There is still a small window ( < 1 second) at the start of the reshape during which a crash will cause unrecoverable corruption. My plan is to resolve this in mdadm rather than md. The critical data will be copied into the new drive(s) prior to commencing the reshape. If there is a crash the kernel will refuse the reassemble the array. mdadm will be able to re-assemble it by first restoring the critical data and then letting the remainder of the reshape run it's course.

Neil has various other enhancements in mind, including the ability to upgrade a RAID5 array to RAID6 (which increases fault tolerance by adding another set of parity blocks). Quite a bit, clearly, is happening in the MD world.

All this activity drew queries from a couple of observers who had, it seems, assumed that the addition of the device mapper to the kernel meant that the MD code would eventually whither away. The device mapper can handle some of the lower RAID levels (mirroring and striping) now, and there is work in progress to add RAID5 support. Since the device mapper is a general framework for mixing and matching drives, it makes sense to some that the RAID functionality should move there too.

Unsurprisingly, Neil disagrees. His suggestion is that "anything with redundancy," including RAID5 and RAID6, is best handled in the MD code. The device mapper, instead, is good for fancier arrangements like multipath, encryption, volume management, snapshots, etc. Certainly, those who are placing trust in RAID for redundancy should be comforted by the rather longer track record built up by the MD code. MD is also said to be faster than the device mapper at this time.

As others have pointed out, however, there is a cost to carrying multiple RAID implementations in the kernel. Each must be maintained, and each will have its own unique bugs to contribute to the whole. So, as the device mapper develops higher-level RAID capabilities, it would be nice if some of the core code could be shared between MD and DM. Making that happen, however, will require developer effort - and it's not clear that any hackers are interested in doing that work at this time.


(Log in to post comments)

Neil Brown

Posted Jan 26, 2006 11:05 UTC (Thu) by samj (guest, #7135) [Link]

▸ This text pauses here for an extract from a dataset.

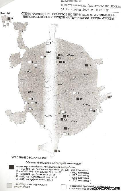 | и получил ответ из Правительства Москвы на предмет уточнения мест строительства заводов в городе...
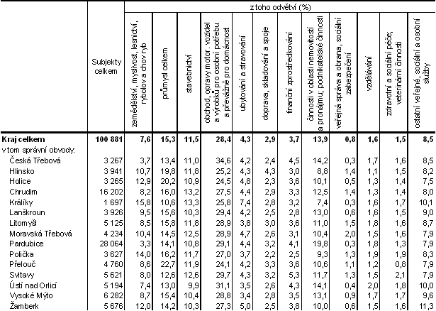 Mezi jednotlivými správními obvody existují v počtu subjektů významné rozdíly v závislosti na odvětví podnikání. Nejsilnější základnu subjektů v oblasti zemědělství, myslivosti a lesnictví má Králicko (zde připadá na 1 000 obyvatel 29 subjektů v tomto odvětví) a Holicko (27 subjektů). Co se týče zpracovatelského průmyslu, nejvíce subjektů v tomto odvětví je na Přeloučsku (v přepočtu na 1 000 obyvatel 46), Holicku (42) a Hlinecku (36), nejméně na Králicku (19 subjektů na 1 000 obyvatel), na Moravskotřebovsku a Svitavsku (shodně 22 subjektů). Relativně malé rozdíly jsou ve stavebnictví; nejvíce subjektů zabývajících se stavebnictvím je na Chrudimsku (26 na 1 000 obyvatel) a na Pardubicku (v přepočtu 25 subjektů), nejméně na Českotřebovsku, Lanškrounsku, Moravskotřebovsku a Ústeckoorlicku (shodně 19 subjektů na 1 000 obyvatel). Větší rozpětí je u obchodu – od 44 subjektů na 1 000 obyvatel na Moravskotřebovsku a 46 na Hlinecku po 60 subjektů na 1 000 obyvatel na Ústeckoorlicku a 68 subjektů na Pardubicku. Silné stránky Králicka coby centra cestovního ruchu dokazuje prvenství tohoto správního obvodu v počtu subjektů s hlavní činností v oblasti ubytování a stravování (13 subjektů na 1 000 obyvatel). Hlinecko je naopak centrem dopravy, skladování a spojů; zde připadá na 1 000 obyvatel 8 registrovaných subjektů s touto hlavní činností. Finanční zprostředkování se soustřeďuje zejména do centra kraje (na Pardubicku připadá na 1 000 obyvatel 10 subjektů v tomto oboru), nejméně finančníků působí na Hlinecku, Lanškrounsku, Moravskotřebovsku a Poličsku (vždy 5 subjektů na 1 000 obyvatel). Odvětví činnosti v oblasti nemovitostí a pronájmu úzce souvisí s ekonomickou vyspělostí správního obvodu, na Pardubicku dosahuje podíl registrovaných subjektů na 1 000 obyvatel 46, na Králicku pouhých 13 subjektů. Relativní počty subjektů ve veřejné správě, vzdělávání a zdravotnictví jsou poměrně vyrovnané.

Neil is an absolute Unix wizard - I worked with him about 10 years ago and was regularly impressed by his work on internal projects (which unfortunately for the most part appear to have remained internal). It's great to see his work on MD enjoying a wider audience and I for one would be a lot more likely to trust code he's written; for example notice that he's identified and is proactively fixing a potential issue *before* it eats users' data rather than afterwards as is usually the case. Let's not forget about his work on NFS too... last I checked (which was years ago - I don't use NFS much these days) he was doing some work on scalability and performance issues as well as an authentication layer. Interesting stuff...

MD / DM

Posted Jan 26, 2006 11:13 UTC (Thu) by gypsumfantastic (guest, #31134) [Link]

"this corrects a minor defect in the previous version, wherein interrupting the reshaping task would cause all data in the array to be lost."

This must be some new meaning of the word 'minor' I've never encountered before.

MD "minor" defects.

Posted Jan 26, 2006 11:39 UTC (Thu) by Duncan (guest, #6647) [Link]

LOL. That was my reaction as well. If the original comment didn't have
quotation marks around "minor", it should have.

Duncan

MD "minor" defects.

Posted Jan 26, 2006 13:41 UTC (Thu) by ewan (subscriber, #5533) [Link]

I read it as humourous, but it is possible for the original
defect to had big consequences while still actually being,
in itself, a small defect (like an off by one error, say).

MD "minor" defects.

Posted Jan 26, 2006 20:39 UTC (Thu) by guinan (subscriber, #4644) [Link]

Classic Corbet understatement. Cracks me up every time...

Actually, I can see how minor it is...

Posted Jan 26, 2006 13:43 UTC (Thu) by hummassa (subscriber, #307) [Link]

reshaping is a risky operation. I expect people to fully backup before
doing it (like they would if they would backup/reshape/restore like in the
old days). Then reshape, then if something went wrong, restore. The fact
that 99.9% of the time they wouldn't need to restore is a bonus IMHO.

Actually, I can see how minor it is...

Posted Jan 26, 2006 23:40 UTC (Thu) by neilbrown (subscriber, #359) [Link]

I would exepct people to have adequate backups, or equivalent disaster recovery, whether they reshape an array or not. RAID can improve reliability, but never make the data indestructable.

Further, once the code is finished, fully reviewed and fully tested (which is still a little way off), I don't see that you data would be any less safe during a reshape then it is during a resync.

"minor"

Posted Jan 28, 2006 1:48 UTC (Sat) by pimlott (guest, #1535) [Link]

After recent mine accidents, we in the US use the word "miner" to mean "disregarding safety, leaving prone to catastrophe". Jon was making a pun on that.

"minor"

Posted Jan 28, 2006 14:07 UTC (Sat) by bronson (subscriber, #4806) [Link]

Possibly the most insensitive thing I've seen posted to LWN.

"minor"

Posted Jan 28, 2006 17:10 UTC (Sat) by pimlott (guest, #1535) [Link]

Woah, sorry, I didn't think anyone would take it that way.

"minor"

Posted Jan 28, 2006 16:26 UTC (Sat) by corbet (editor, #1) [Link]

Suffice to say that's not what I was doing at all.

Recent MD enhancements

Posted Jan 26, 2006 14:18 UTC (Thu) by brugolsky (subscriber, #28) [Link]

Jon, there are lots of other important MD patches that have gone in recently that probably deserve an article of their own. In particular, the capability to rewrite a stripe when a read error occurs means that MD can often recover from an error, rather than kick the drive out of the array. One can also proactively do a background scan, like many hardware RAID controllers. Additionally, bitmapped-based intent logging allows for faster resyncs, when required. Given the nature of today's huge drives, these changes greatly increase the utility of MD, as resyncing a 500GB drive on a busy server can take days if it is only resyncing at say, 5MB/s, and runs the risk of exposing a latent error on another drive.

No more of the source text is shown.